Playwright Marcus Youssef named Douglas College’s 2023 Honorary Fellow
FOR IMMEDIATE RELEASE
June 14, 2023
In his time as a playwright, actor and artistic director, Marcus Youssef has been committed to using art and culture to build a more just, humane and fun society. In recognition of his creativity and its power to invoke change, today Youssef was named Honorary Fellow at Douglas College.
“Marcus’s art provokes audiences around the globe to explore diversity, community and the potential for a better world,” said Dr. Kathy Denton, President of Douglas College. “His work reflects the core values that we cherish and encourage at Douglas College. For that, we are proud to award him with this honour.”

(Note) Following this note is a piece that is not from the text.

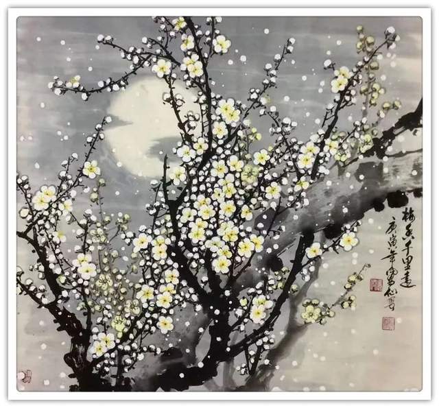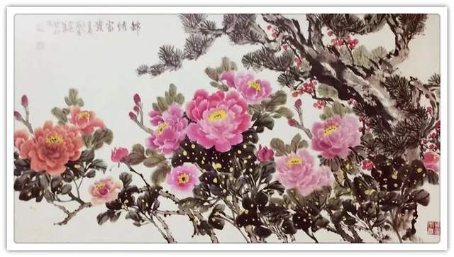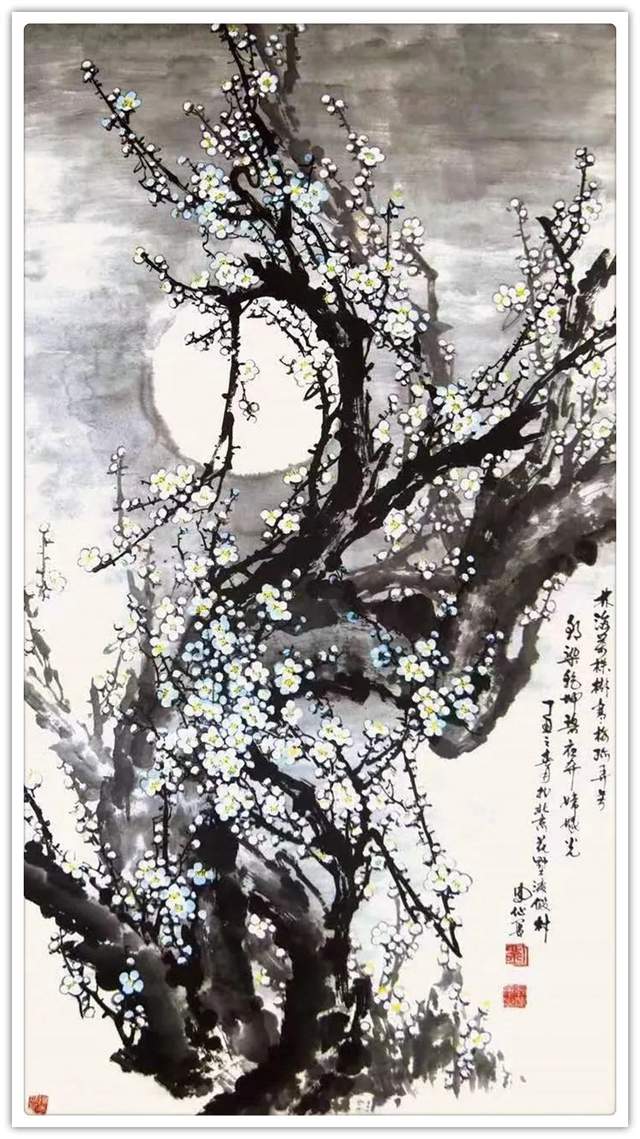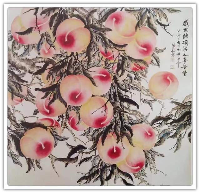 刘凤仙创作,意存笔先,画尽意在,豪放不显张扬,意境深远而不失恬淡清新,其梅花或艳如朝霞或白似瑞雪;寿桃或娇艳欲滴或灵秀芬芳,阵阵暗香仿佛跃出纸面,扑面而来,巧妙的将自然灵性点染画中,好似呼唤出了中国千年文化底蕴的深沉回声,诠释了中华民族古老艺术的深刻内涵。

Called a “towering artist” by The Globe and Mail, Youssef has been active in artistic, educational and political circles around the world for over 30 years. In that time, he’s taught thousands of students, influenced municipal policies around culture and urban design, and produced plays staged in major cities around the world, from New York to Hong Kong. What his creative works have in common is how they engage with the idea of difference.
"For me, Douglas and its student body reflects this country’s range of cultures, languages and lived experiences, a range wider than we would have ever believed even 50 years ago,” says Youssef, whose father immigrated from Egypt before he was born. “Ever since I started to pursue my love of writing, performance and activism, I’ve explored this question of difference — of how each of us can come to know one another more fully and deeply, no matter how unalike we may seem.”
The long-time Artistic Director of Vancouver’s Neworld Theatre, Youssef is now a Playwright in Residence at Tarragon Theatre, Editorial Advisor at Canadian Theatre Review, an Associate Artist at Neworld and International Artistic Associate at Farnham Maltings in England.
Youssef has been recognized as a playwright with Canada's largest theatre award, the $100,000 Siminovitch Prize for Theatre. His other accolades include the Vancouver Mayor’s Arts Award, the Canada Council for the Arts' Staunch-Lynton Award, the Rio Tinto Alcan Performing Arts Award for BC artists, and the IKARUS Prize in Berlin, Germany.
His written plays include Winners and Losers, King Arthur's Night, Jabber, The In-Between, Awkward and Embarrassing Conversations, Adrift, How Has My Love Affected You?, Peter Panties, A Line in the Sand, Ali and Ali & the aXes of Evil, Ali and Ali: The Deportation Hearings, East Van Panto: Wizard of Oz and East Van Panto: Pinocchio.
Douglas College is the largest degree-granting college in B.C., combining the academic foundations of a university and the employer-ready skills of a college to graduate resilient global citizens who adapt, innovate and lead in a changing world.